1.1 Reinforcement Learning

Reinforcement learning is a class of algorithms that solve a Markov Decision Process M=<S, A, P, R, γ> where S is the set of all possible states, A is the set of all possible actions, P is a transition function P: S × A × S → [0,1], R is a reward function R: S × A → ℝ, and γ = [0, 1] is a discount factor proportional to the reward horizon. The solution to an MDP is a policy π: S → A as described above. In practice, AI agents don’t always know what state they are in and must solve a partially-observable MDP (POMDP), however in practice with deep reinforcement learning we can often treat S as the set of possible state observations and solve POMDPs as if they are MDPs.

Actions with non-deterministic effects are handled without any significant changes to the problem formulation because the policy can tell us what action to execute next, no matter what state we end up in after executing an action.

In the case where the state-action space is too large to enumerate, a compact representation must be learned that approximates the optimal policy.
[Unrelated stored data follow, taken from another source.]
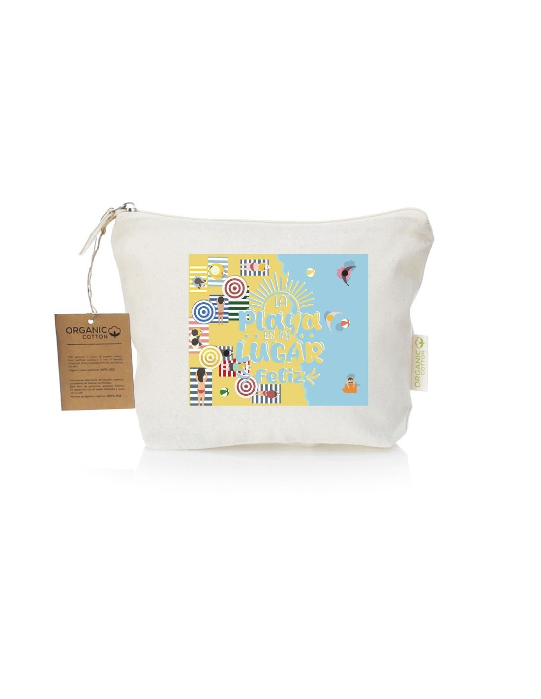 Práctico y ligero neceser de algodón con cierre de cremallera decorado con el mensaje "la playa es mi lugar feliz".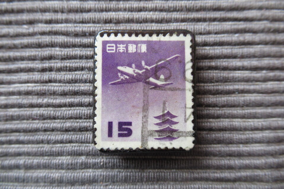 ★★アップサイクル 日本 昭和切手ブローチ7079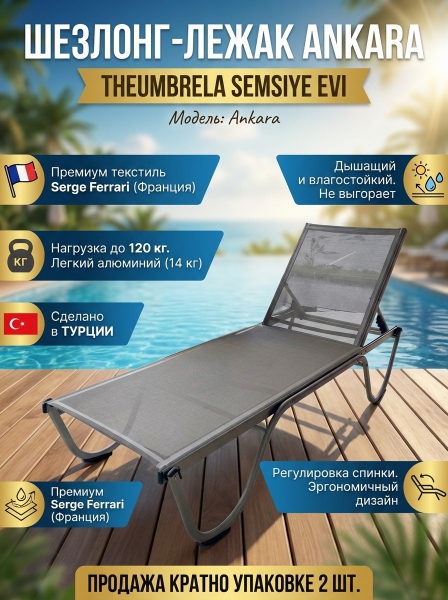 Шезлонг-лежак металлический THEUMBRELA SEMSIYE EVI Ankara - ОписаниеШезлонг Ankara - идеальный выбор для релаксации на открытом пляже или возле бассейна, а также в закрытой зоне отдыха спа-комплекса, санатория, аквапарка.
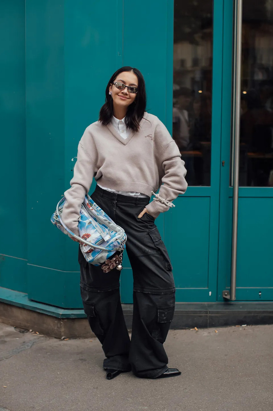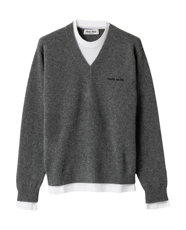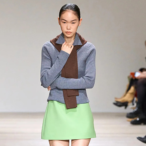 니트의 두께감에 따라서 전체적인 인상도 달라집니다. 야들야들하게 얇은 니트는 미우미우 특유의 감도를 살려 허리선 안쪽에 넣어 티셔츠 대신 입을 수 있고, 오버사이즈 니트는 미디스커트와 잘 어울리죠. 이번 패션 위크 내내 스트리트에서 인기 있었던 조합이고요.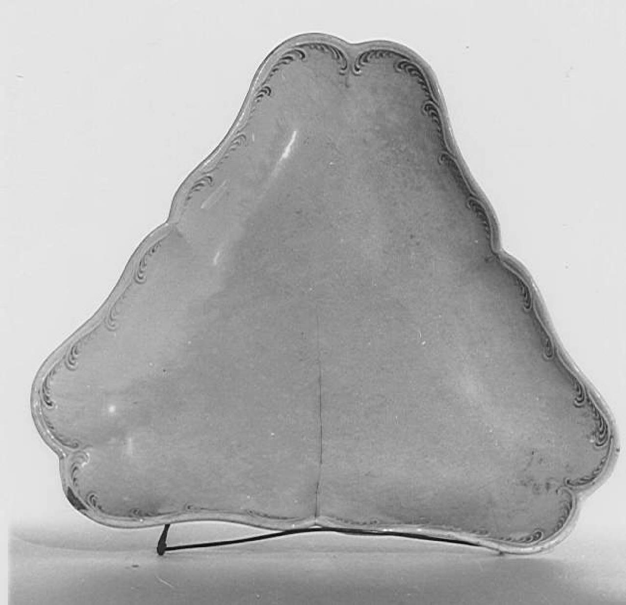 Porcellana bianco avorio con orli sagomati ornati con motivi decorativi a rilievo. Forma triangolare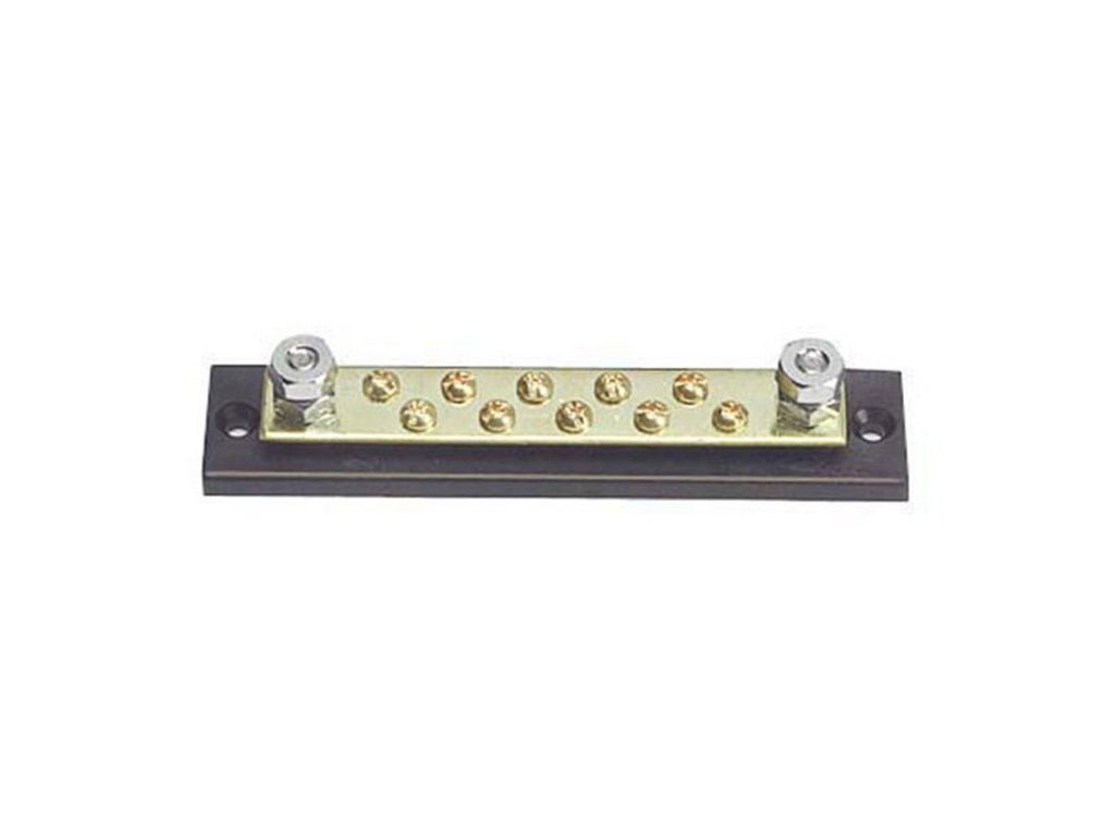 Svorkovnice 10 x 4 mm a 2 x 6 mm. Vyrobeno z poniklované mědi, šrouby z nerezové oceli. Rozměr 145 x 31 mm. Max. 150 A.Doplňkové parametry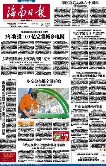 海南日报 头版 001 2008-12-071 2008年12月07日 星期日
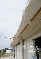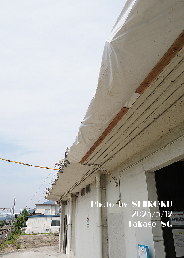 庇の撤去は、恐らく工事用の囲いを設置するに当たって支障する部分を取り除いたものと思われる。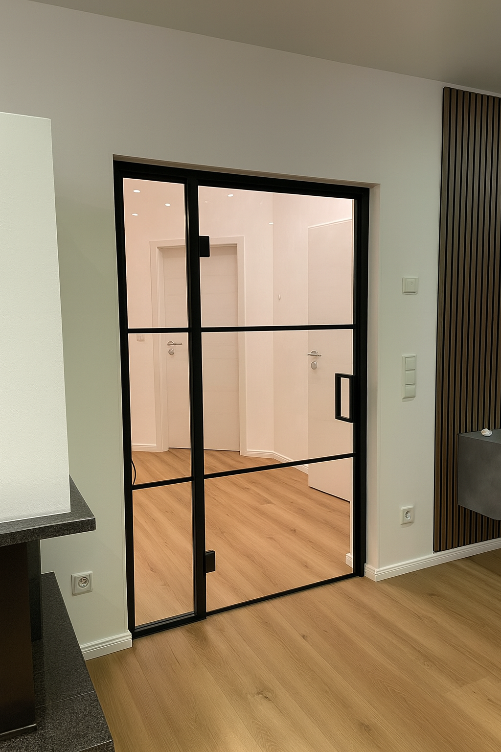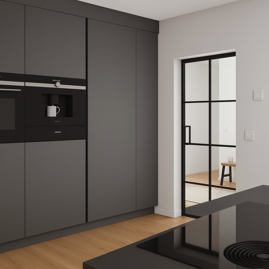 Mit einseitiger Öffnung führt sie Bewegungen eindeutig; ohne Selbstschließer bleibt sie in der gewünschten Position – leise, kontrolliert, ohne Eile. Der schlanke Rahmen hält die Optik aufgeräumt, ordnet Fugen und Anschlüsse und lässt Linien sauber wirken.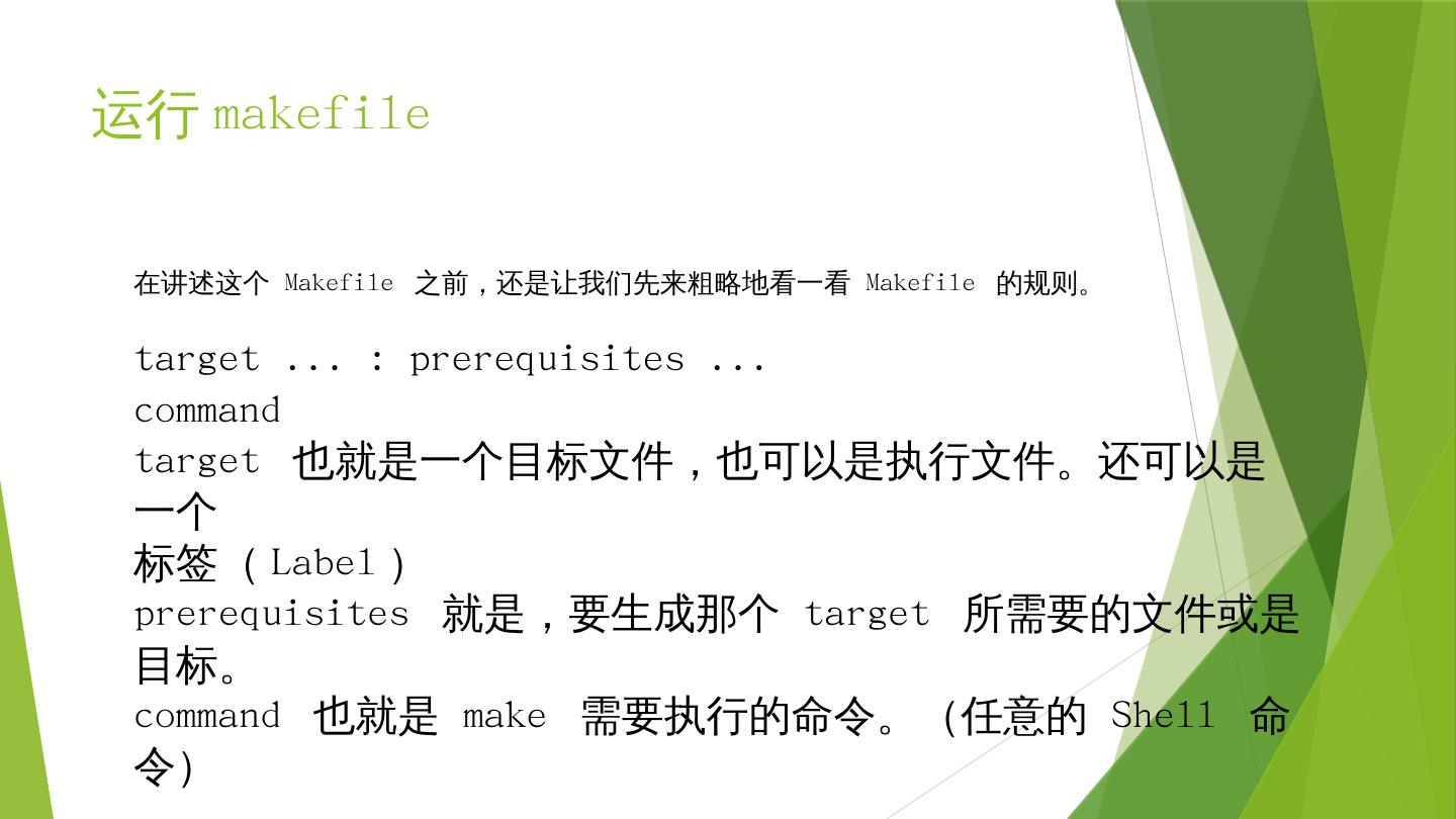 makefile关系到了整个工程的编译规则。一个工程中的源文件不计数,其按类型、功能、模块分别放在若干个目录中,makefile定义了一系列的规则来指定,哪些文件 ...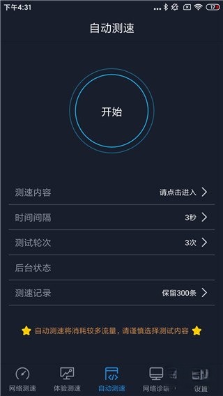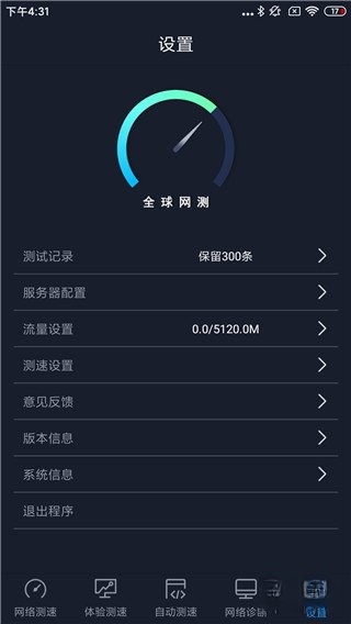 在设置页面中,用户能够查看全球网测留存的300条测试记录,还可以进行流量设置,从而更有效地管控流量使用状况。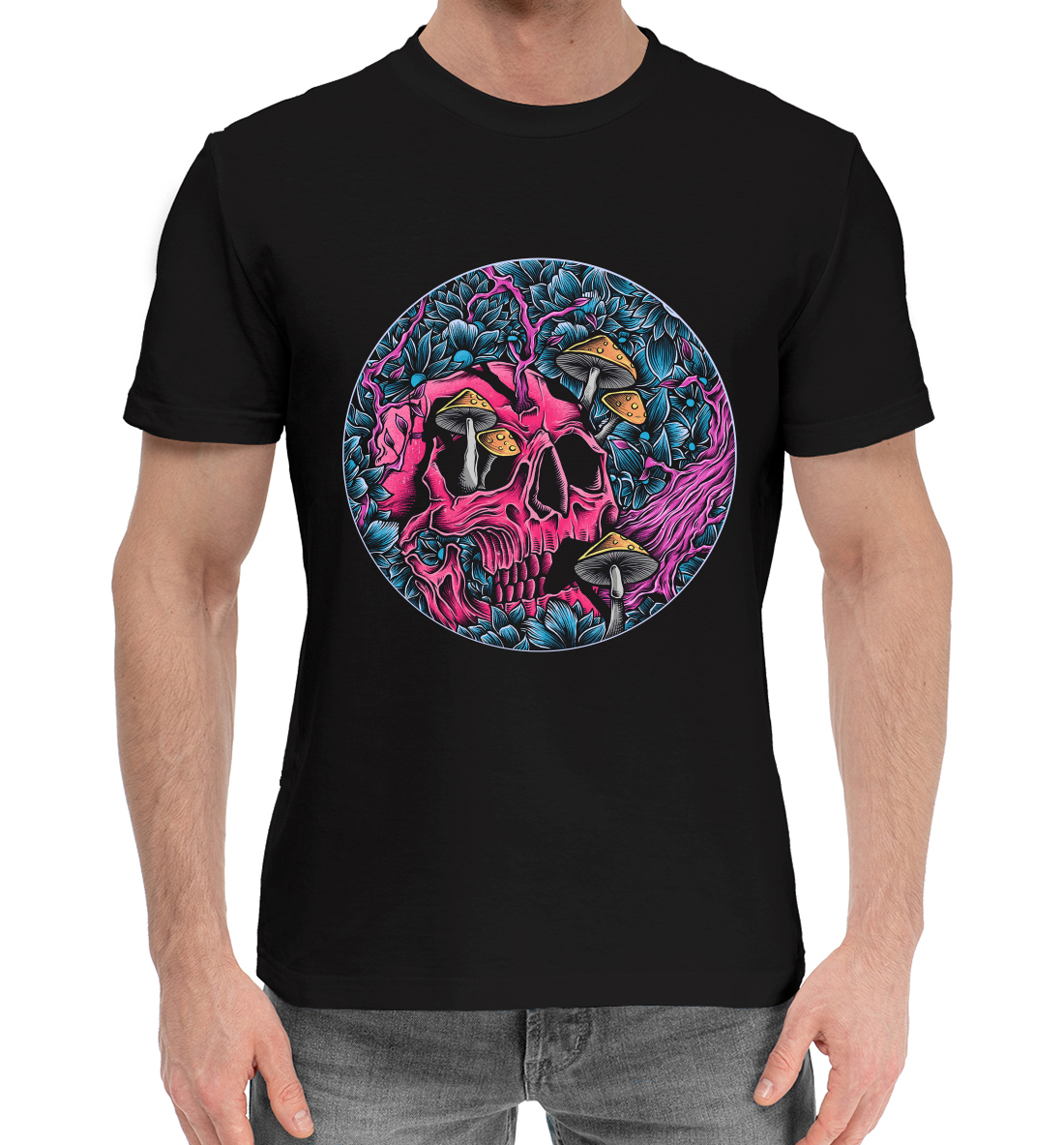 Мужская хлопковая футболка с принтом «Череп грибы»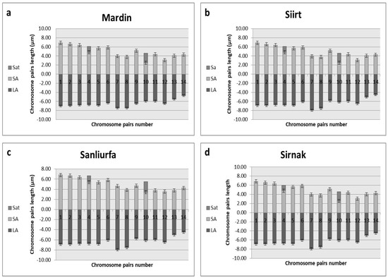 Haploid ideogram of tetraploid cytotypes of Ae. crassa (2n = 4x = 28); (a) Mardin; (b) Siirt; (c) Şanliurfa; (d) Şirnak.
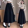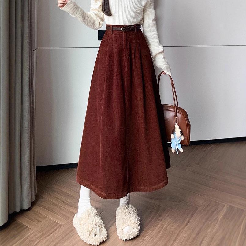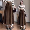 Women's High Waist Corduroy Midi Skirt - 2025 Autumn Winter Korean Style, Large Flare Pleated Design

This is the case of deep reinforcement learning, which learns a deep neural network that can generate an action in response to a state, which is referred to as a policy model.

There are two broad classes of reinforcement learning:

  • Model-based RL uses the transition function P to conduct rollouts without directly interacting with the environment.
  • Model-free RL handles the case where P is unknown and learns the policy directly from interactions with the environment. The environment can either be the actual environment the agent will be executing in, or a simulation.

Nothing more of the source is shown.